▶ How to complete this task
Restate every line of the material below word for word, skipping the images.

▶ Records to use
┌──

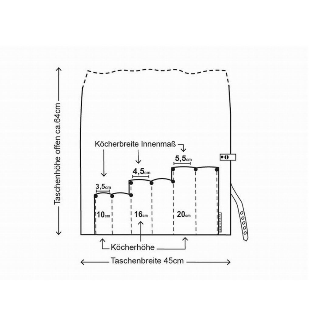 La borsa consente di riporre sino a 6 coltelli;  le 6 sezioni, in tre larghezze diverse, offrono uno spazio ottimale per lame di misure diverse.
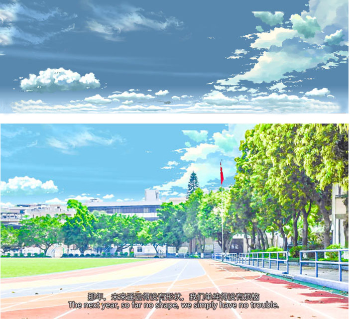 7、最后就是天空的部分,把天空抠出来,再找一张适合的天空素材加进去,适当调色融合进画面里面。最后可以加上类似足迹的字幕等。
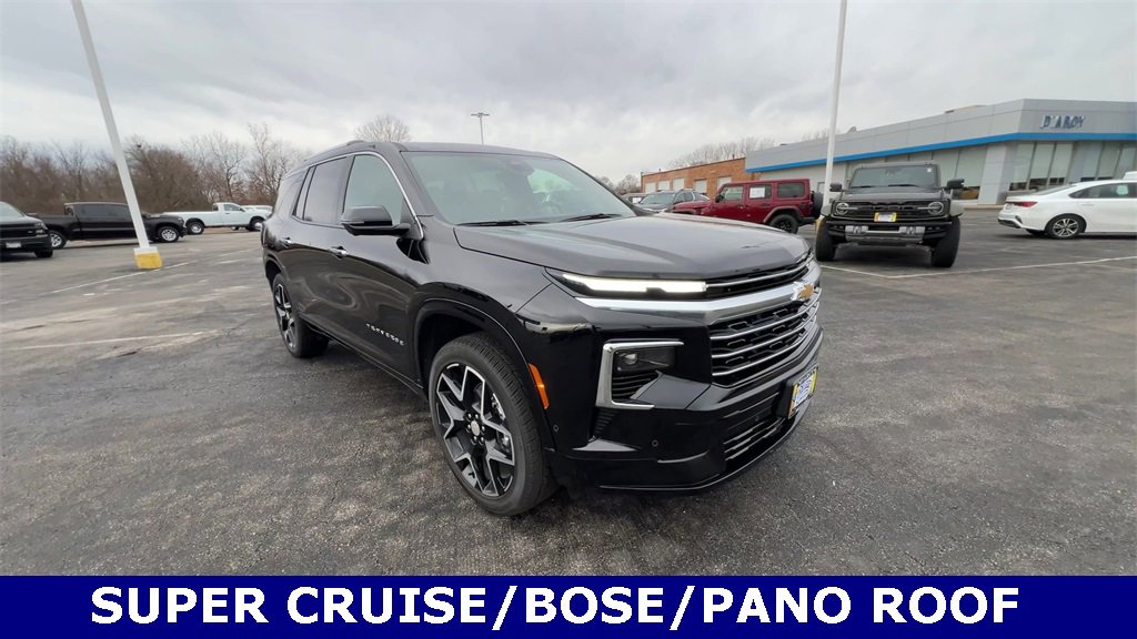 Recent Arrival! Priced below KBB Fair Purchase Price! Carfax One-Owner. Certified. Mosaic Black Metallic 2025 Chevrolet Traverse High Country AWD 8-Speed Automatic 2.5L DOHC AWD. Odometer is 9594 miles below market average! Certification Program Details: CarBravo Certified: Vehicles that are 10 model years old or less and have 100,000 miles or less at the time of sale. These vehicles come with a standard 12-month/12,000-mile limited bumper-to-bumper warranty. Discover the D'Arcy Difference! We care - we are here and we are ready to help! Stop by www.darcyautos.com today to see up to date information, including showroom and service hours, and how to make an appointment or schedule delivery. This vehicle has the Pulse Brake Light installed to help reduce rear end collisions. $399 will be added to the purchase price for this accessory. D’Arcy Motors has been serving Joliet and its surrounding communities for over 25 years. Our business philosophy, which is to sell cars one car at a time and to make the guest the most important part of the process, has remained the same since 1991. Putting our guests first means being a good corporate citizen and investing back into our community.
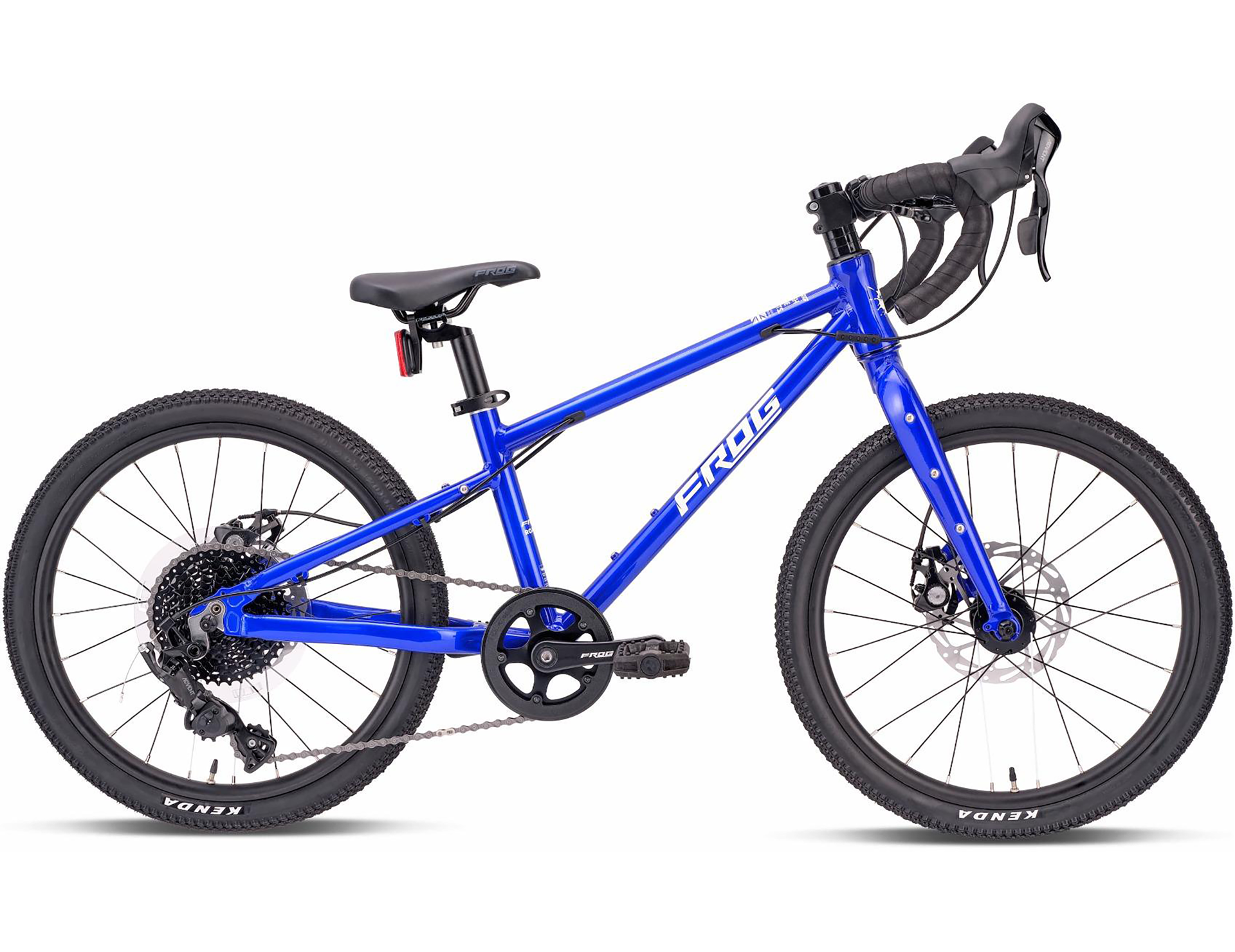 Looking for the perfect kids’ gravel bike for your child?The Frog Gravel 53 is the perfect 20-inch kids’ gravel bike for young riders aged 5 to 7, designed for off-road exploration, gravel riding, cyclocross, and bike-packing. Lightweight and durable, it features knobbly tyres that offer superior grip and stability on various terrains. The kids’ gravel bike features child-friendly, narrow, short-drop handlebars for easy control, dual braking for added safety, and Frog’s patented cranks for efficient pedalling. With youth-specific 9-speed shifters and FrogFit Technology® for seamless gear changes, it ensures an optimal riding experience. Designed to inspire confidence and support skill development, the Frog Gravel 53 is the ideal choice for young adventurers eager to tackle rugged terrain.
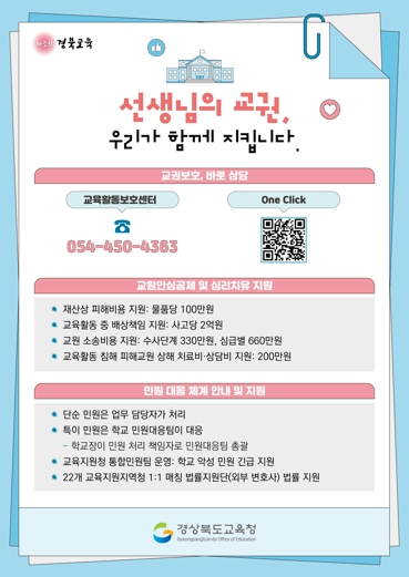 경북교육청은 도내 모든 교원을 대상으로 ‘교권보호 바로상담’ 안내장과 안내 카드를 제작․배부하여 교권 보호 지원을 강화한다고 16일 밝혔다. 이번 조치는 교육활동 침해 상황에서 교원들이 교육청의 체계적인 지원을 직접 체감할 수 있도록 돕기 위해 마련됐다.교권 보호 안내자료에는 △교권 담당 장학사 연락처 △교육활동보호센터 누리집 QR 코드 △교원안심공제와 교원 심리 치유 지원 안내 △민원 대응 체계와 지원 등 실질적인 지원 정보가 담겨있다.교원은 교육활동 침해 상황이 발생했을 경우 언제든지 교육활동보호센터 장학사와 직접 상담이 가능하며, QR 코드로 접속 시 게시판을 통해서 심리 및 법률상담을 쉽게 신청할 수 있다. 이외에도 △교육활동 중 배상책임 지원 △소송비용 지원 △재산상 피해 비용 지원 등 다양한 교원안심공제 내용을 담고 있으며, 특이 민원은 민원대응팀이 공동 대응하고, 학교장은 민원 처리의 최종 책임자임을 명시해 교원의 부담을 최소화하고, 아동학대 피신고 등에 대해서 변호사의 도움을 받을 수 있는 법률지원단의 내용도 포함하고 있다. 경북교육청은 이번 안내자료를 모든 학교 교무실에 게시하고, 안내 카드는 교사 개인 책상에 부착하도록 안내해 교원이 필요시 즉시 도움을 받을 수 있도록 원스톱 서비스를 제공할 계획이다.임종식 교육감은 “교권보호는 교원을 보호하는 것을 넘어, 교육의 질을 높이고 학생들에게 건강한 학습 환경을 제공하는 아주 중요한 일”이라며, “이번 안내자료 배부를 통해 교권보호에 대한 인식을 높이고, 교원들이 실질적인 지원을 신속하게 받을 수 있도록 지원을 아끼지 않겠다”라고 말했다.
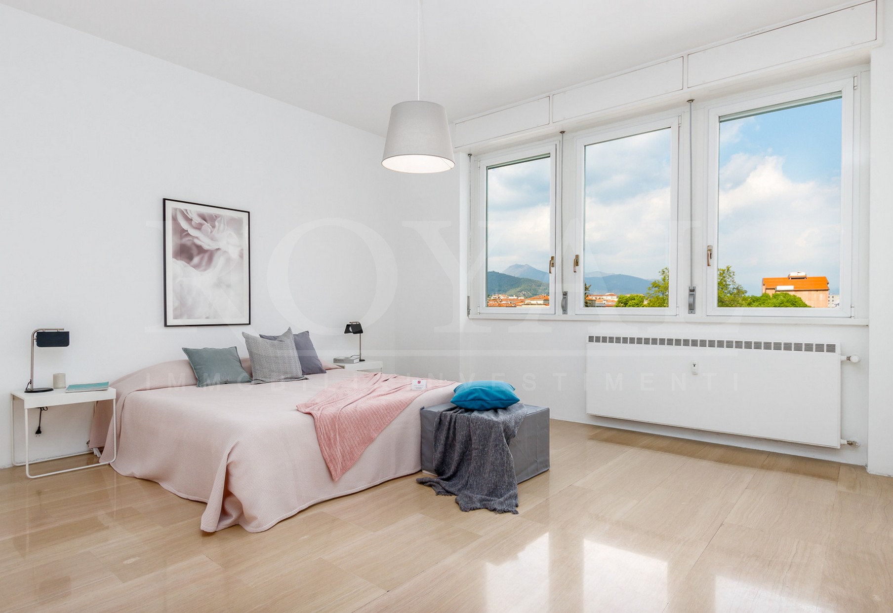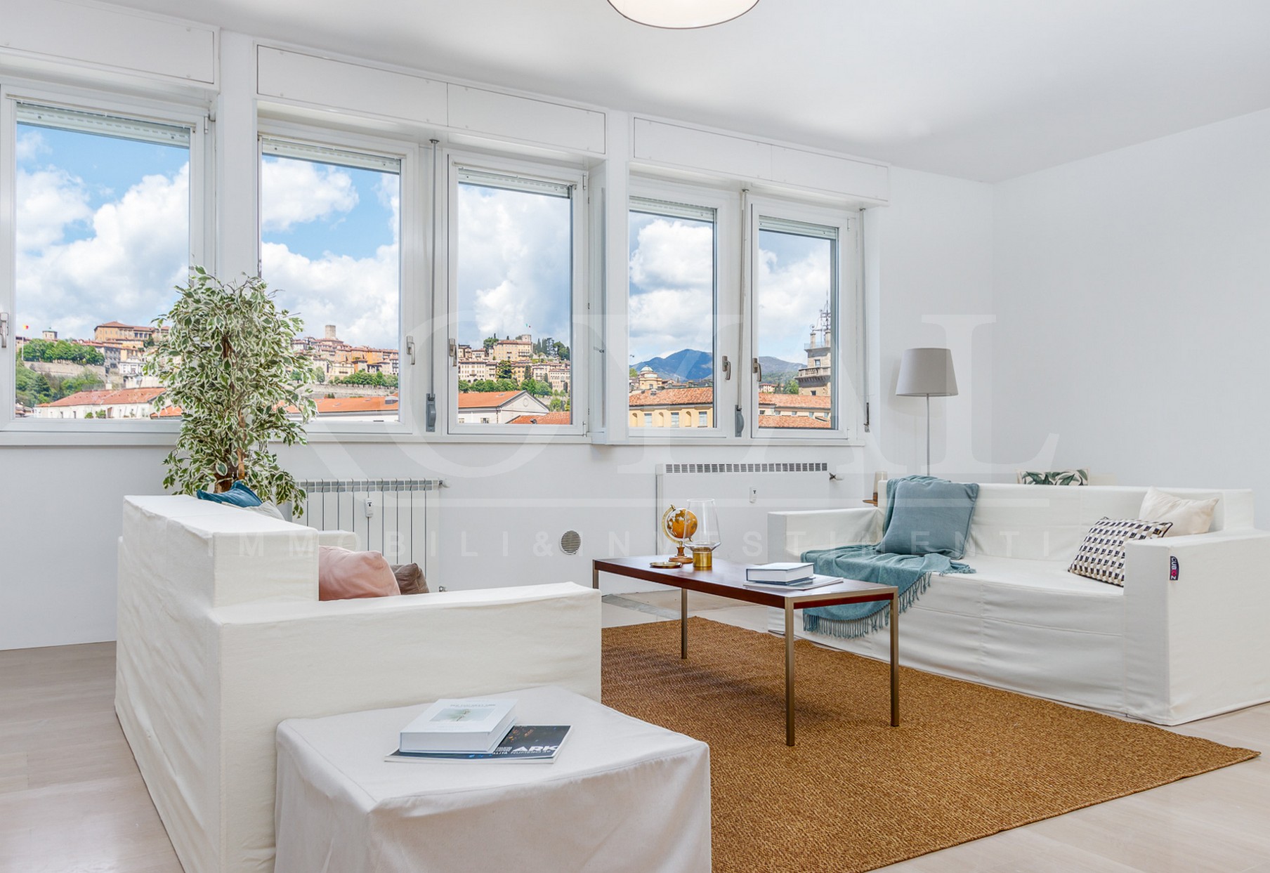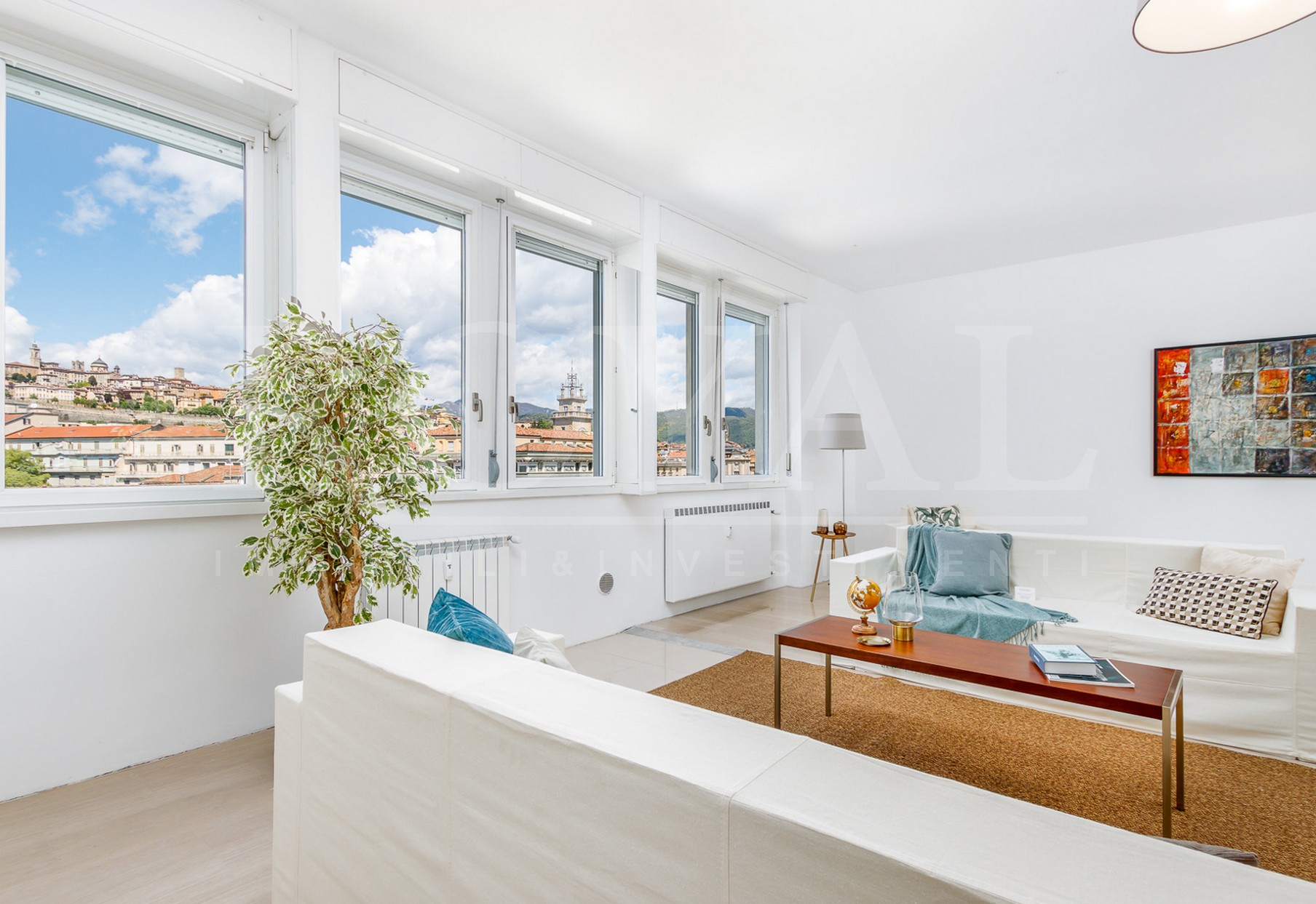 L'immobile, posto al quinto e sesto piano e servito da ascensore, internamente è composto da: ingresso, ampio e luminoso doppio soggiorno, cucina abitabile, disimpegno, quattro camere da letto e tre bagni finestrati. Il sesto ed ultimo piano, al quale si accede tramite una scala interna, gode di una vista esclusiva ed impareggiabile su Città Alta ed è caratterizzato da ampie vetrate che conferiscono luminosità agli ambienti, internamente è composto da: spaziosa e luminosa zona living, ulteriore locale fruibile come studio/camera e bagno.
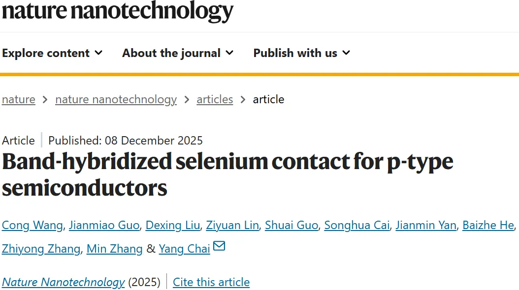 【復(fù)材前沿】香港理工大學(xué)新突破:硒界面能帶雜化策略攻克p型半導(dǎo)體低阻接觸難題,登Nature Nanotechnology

└──

▶ Reply to the exercise
 La borsa consente di riporre sino a 6 coltelli;  le 6 sezioni, in tre larghezze diverse, offrono uno spazio ottimale per lame di misure diverse.
 7、最后就是天空的部分,把天空抠出来,再找一张适合的天空素材加进去,适当调色融合进画面里面。最后可以加上类似足迹的字幕等。
 Recent Arrival! Priced below KBB Fair Purchase Price! Carfax One-Owner. Certified. Mosaic Black Metallic 2025 Chevrolet Traverse High Country AWD 8-Speed Automatic 2.5L DOHC AWD. Odometer is 9594 miles below market average! Certification Program Details: CarBravo Certified: Vehicles that are 10 model years old or less and have 100,000 miles or less at the time of sale. These vehicles come with a standard 12-month/12,000-mile limited bumper-to-bumper warranty. Discover the D'Arcy Difference! We care - we are here and we are ready to help! Stop by www.darcyautos.com today to see up to date information, including showroom and service hours, and how to make an appointment or schedule delivery. This vehicle has the Pulse Brake Light installed to help reduce rear end collisions. $399 will be added to the purchase price for this accessory. D’Arcy Motors has been serving Joliet and its surrounding communities for over 25 years. Our business philosophy, which is to sell cars one car at a time and to make the guest the most important part of the process, has remained the same since 1991. Putting our guests first means being a good corporate citizen and investing back into our community.
 Looking for the perfect kids’ gravel bike for your child?The Frog Gravel 53 is the perfect 20-inch kids’ gravel bike for young riders aged 5 to 7, designed for off-road exploration, gravel riding, cyclocross, and bike-packing. Lightweight and durable, it features knobbly tyres that offer superior grip and stability on various terrains. The kids’ gravel bike features child-friendly, narrow, short-drop handlebars for easy control, dual braking for added safety, and Frog’s patented cranks for efficient pedalling. With youth-specific 9-speed shifters and FrogFit Technology® for seamless gear changes, it ensures an optimal riding experience. Designed to inspire confidence and support skill development, the Frog Gravel 53 is the ideal choice for young adventurers eager to tackle rugged terrain.
 경북교육청은 도내 모든 교원을 대상으로 ‘교권보호 바로상담’ 안내장과 안내 카드를 제작․배부하여 교권 보호 지원을 강화한다고 16일 밝혔다. 이번 조치는 교육활동 침해 상황에서 교원들이 교육청의 체계적인 지원을 직접 체감할 수 있도록 돕기 위해 마련됐다.교권 보호 안내자료에는 △교권 담당 장학사 연락처 △교육활동보호센터 누리집 QR 코드 △교원안심공제와 교원 심리 치유 지원 안내 △민원 대응 체계와 지원 등 실질적인 지원 정보가 담겨있다.교원은 교육활동 침해 상황이 발생했을 경우 언제든지 교육활동보호센터 장학사와 직접 상담이 가능하며, QR 코드로 접속 시 게시판을 통해서 심리 및 법률상담을 쉽게 신청할 수 있다. 이외에도 △교육활동 중 배상책임 지원 △소송비용 지원 △재산상 피해 비용 지원 등 다양한 교원안심공제 내용을 담고 있으며, 특이 민원은 민원대응팀이 공동 대응하고, 학교장은 민원 처리의 최종 책임자임을 명시해 교원의 부담을 최소화하고, 아동학대 피신고 등에 대해서 변호사의 도움을 받을 수 있는 법률지원단의 내용도 포함하고 있다. 경북교육청은 이번 안내자료를 모든 학교 교무실에 게시하고, 안내 카드는 교사 개인 책상에 부착하도록 안내해 교원이 필요시 즉시 도움을 받을 수 있도록 원스톱 서비스를 제공할 계획이다.임종식 교육감은 “교권보호는 교원을 보호하는 것을 넘어, 교육의 질을 높이고 학생들에게 건강한 학습 환경을 제공하는 아주 중요한 일”이라며, “이번 안내자료 배부를 통해 교권보호에 대한 인식을 높이고, 교원들이 실질적인 지원을 신속하게 받을 수 있도록 지원을 아끼지 않겠다”라고 말했다.
 L'immobile, posto al quinto e sesto piano e servito da ascensore, internamente è composto da: ingresso, ampio e luminoso doppio soggiorno, cucina abitabile, disimpegno, quattro camere da letto e tre bagni finestrati. Il sesto ed ultimo piano, al quale si accede tramite una scala interna, gode di una vista esclusiva ed impareggiabile su Città Alta ed è caratterizzato da ampie vetrate che conferiscono luminosità agli ambienti, internamente è composto da: spaziosa e luminosa zona living, ulteriore locale fruibile come studio/camera e bagno.
 【復(fù)材前沿】香港理工大學(xué)新突破:硒界面能帶雜化策略攻克p型半導(dǎo)體低阻接觸難題,登Nature Nanotechnology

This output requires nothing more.